- _Provided entries_
* * *
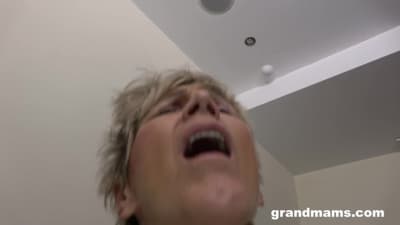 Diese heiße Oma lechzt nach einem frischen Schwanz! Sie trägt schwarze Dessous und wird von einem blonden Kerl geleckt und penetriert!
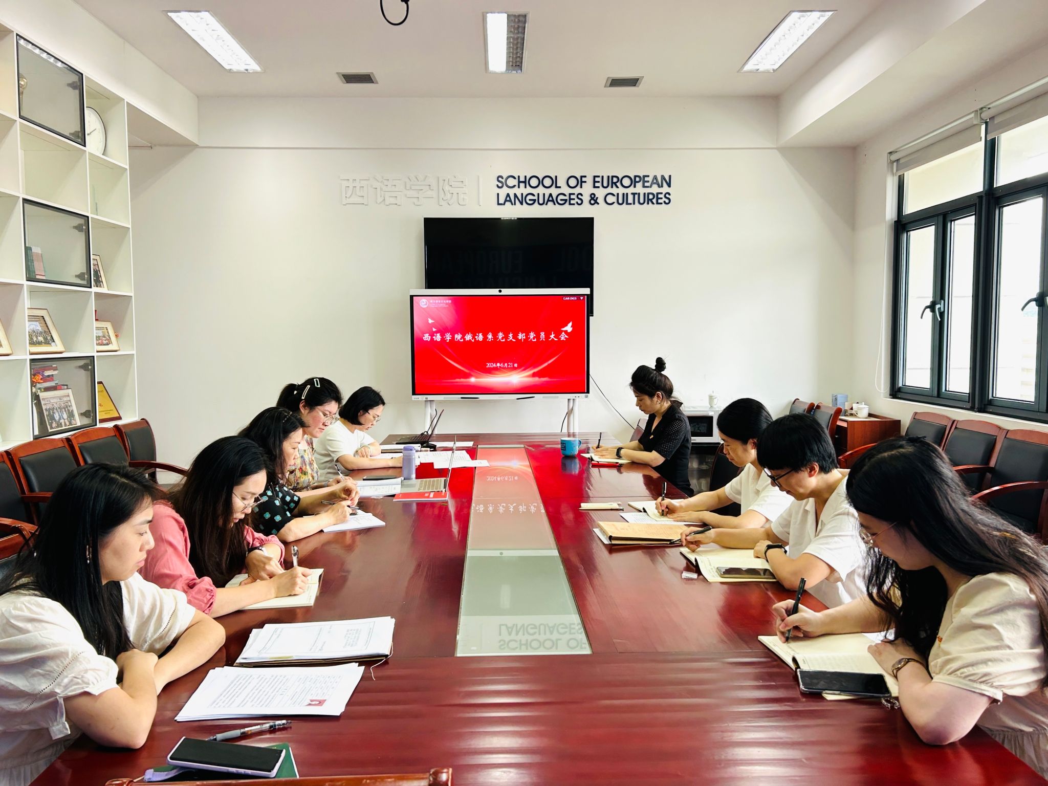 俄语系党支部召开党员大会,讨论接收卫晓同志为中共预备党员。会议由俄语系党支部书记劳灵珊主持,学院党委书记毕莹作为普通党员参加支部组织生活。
* * *
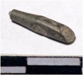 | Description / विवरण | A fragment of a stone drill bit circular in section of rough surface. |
* * *
- _Exercise requirements_
Every line above between the one containing "Diese heiße Oma" and the one containing "俄语系党支部召开党员大会,讨", those two included, is to be printed exactly. No pictures go into the copy.

- _Output_
 Diese heiße Oma lechzt nach einem frischen Schwanz! Sie trägt schwarze Dessous und wird von einem blonden Kerl geleckt und penetriert!
 俄语系党支部召开党员大会,讨论接收卫晓同志为中共预备党员。会议由俄语系党支部书记劳灵珊主持,学院党委书记毕莹作为普通党员参加支部组织生活。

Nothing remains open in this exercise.